PEG based parsers for Racket
(require peg-parser) | package: peg-parser |
1 Overview
This library provides a PEG-based parser for use with the Racket language. It is implemented in Racket and closely follows the proposed PEG notation.
This library can construct a PEG interpreter from a PEG specification. This interpreter reads input from a port, making it a versatile tool for parsing. The parser utilizes a scanner-less, backtracking approach, resulting in a specific parse tree.
2 Parser specification
The PEG language consists of a set of rules followed by a starting parsing expression. The syntax for each rule follows the format:
<ID> <– Exp ;
Here, <ID> represents the name of an identifier, and Exp is a PEG expression. Followed by the rules is the specification of a start PEG expression, as follows:
start: Exp
The syntax for the more simple PEG expressions is as follows:
’c’ : Represents a single character. A character can also be specified by a backslash followed by a numeric code (e.g., ’\65’ is the character ’A’)
[’i’-’f’] or also [’a’,’b’,’c’]: Indicates a range of characters. The first case denotes all characters from ’i’ to ’f’. In the second case, any of the characters ’a, ’v’, or ’c.’
. : Represents any character in a PEG expression.
"ab" : A double-quoted expression represents a sequence of characters (a string).
epsilon : A reserved word that represents the empty input. This expression will always succeed without consuming any input.
e1 / e2 : Denotes prioritized alternatives. It is right-associative, so ’a’/’b’/’c’ is the same as ’a’/(’b’/’c’)

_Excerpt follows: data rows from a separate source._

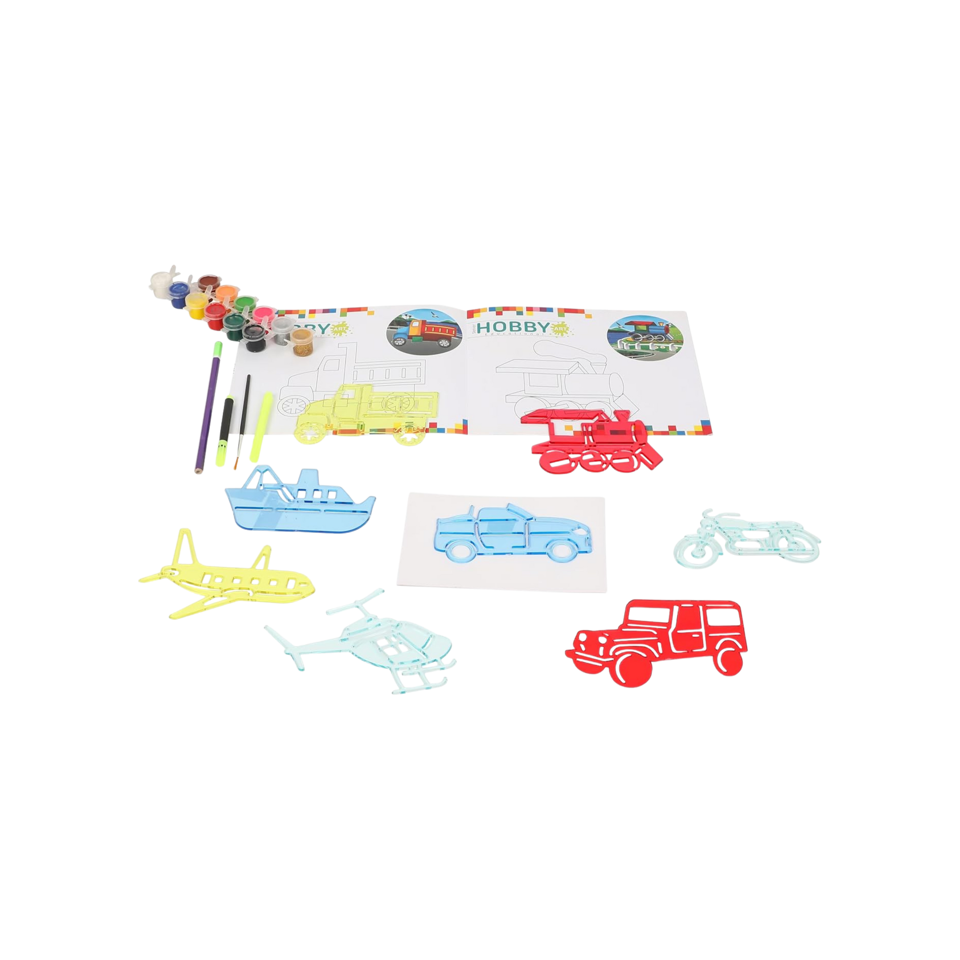 - Kit Includes: 6 vehicle stencils, 1 activity/colouring book, 2 paint brushes, 12 paints
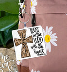 Size is approximately 3x3, Design is sublimated on white acrylic, single sided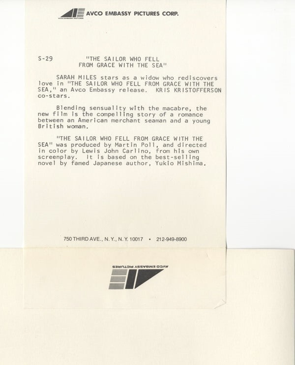 The Sailor Who Fell From Grace with the Sea Sarah Miles Profile Portrait Double Weight Original 8x10 Photo with Snipe 1976 Near Mint Condition This item is an ORIGINAL 8x10 photo from the historic archives of Silver Screen Mementos. This original photograph was made in the actual year the film, television show or event was produced. The movie studios produced publicity photographs for distribution to the press, photo agencies and publicity departments to advertise the film/tv show or event. Very often original photos have press release information on the reverse of the photo - movie credits, description of the scene, event and people involved. This is a historic piece of cinema art and is being offered from one collector to another, no rights given or implied. Silver Screen are gradually releasing thousands of Original Photographs, Transparencies, Negatives, Lobby Cards, Posters, Magazines and other memorabilia from our historic archive.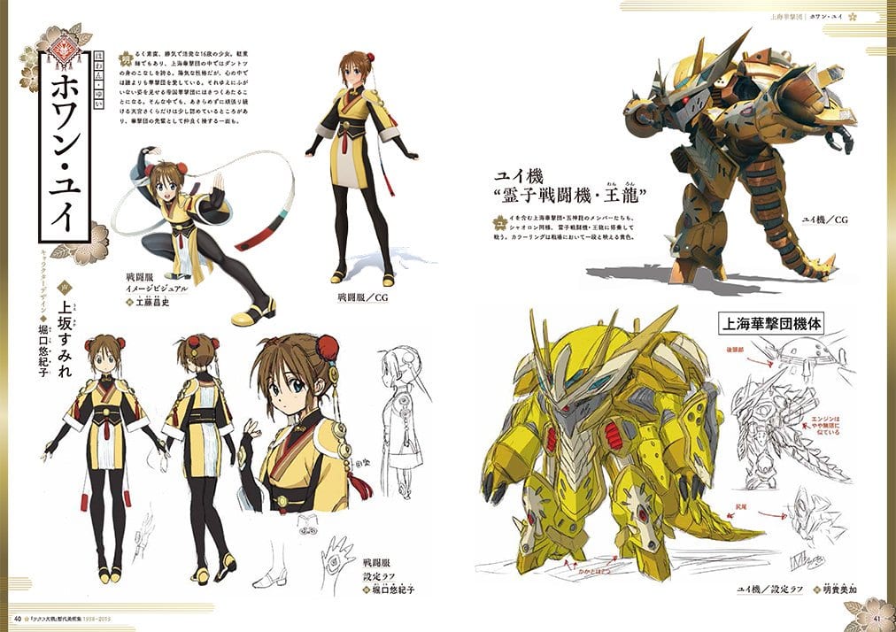 In the first page we get to see Huang Yui from the Shanghai revue and her mecha, created by K-On! and Lucky Star Character Designer Yukiko Horiguchi. Her mecha was designed Mika Akitaka, well-known for the mecha design of Gundam ZZ , Mobile Suit Gundam 0083: Stardust Memory, Martian Successor Nadesico, and Galaxy Fraulein Yuna.

e1 e2 : The concatenation operation is represented by the juxtaposition of the expressions.
e * : Denotes the repetition operation.
e + : Similar to repetition but requires at least one occurrence of the pattern e.
e ? : Denotes an optional operation.
! e : Denotes an optional operation.
A : Any name that is not a reserved word is considered a variable. Variables can be preceded by the symbol ^, indicating that the variable itself is not relevant to the AST constructed by the parser.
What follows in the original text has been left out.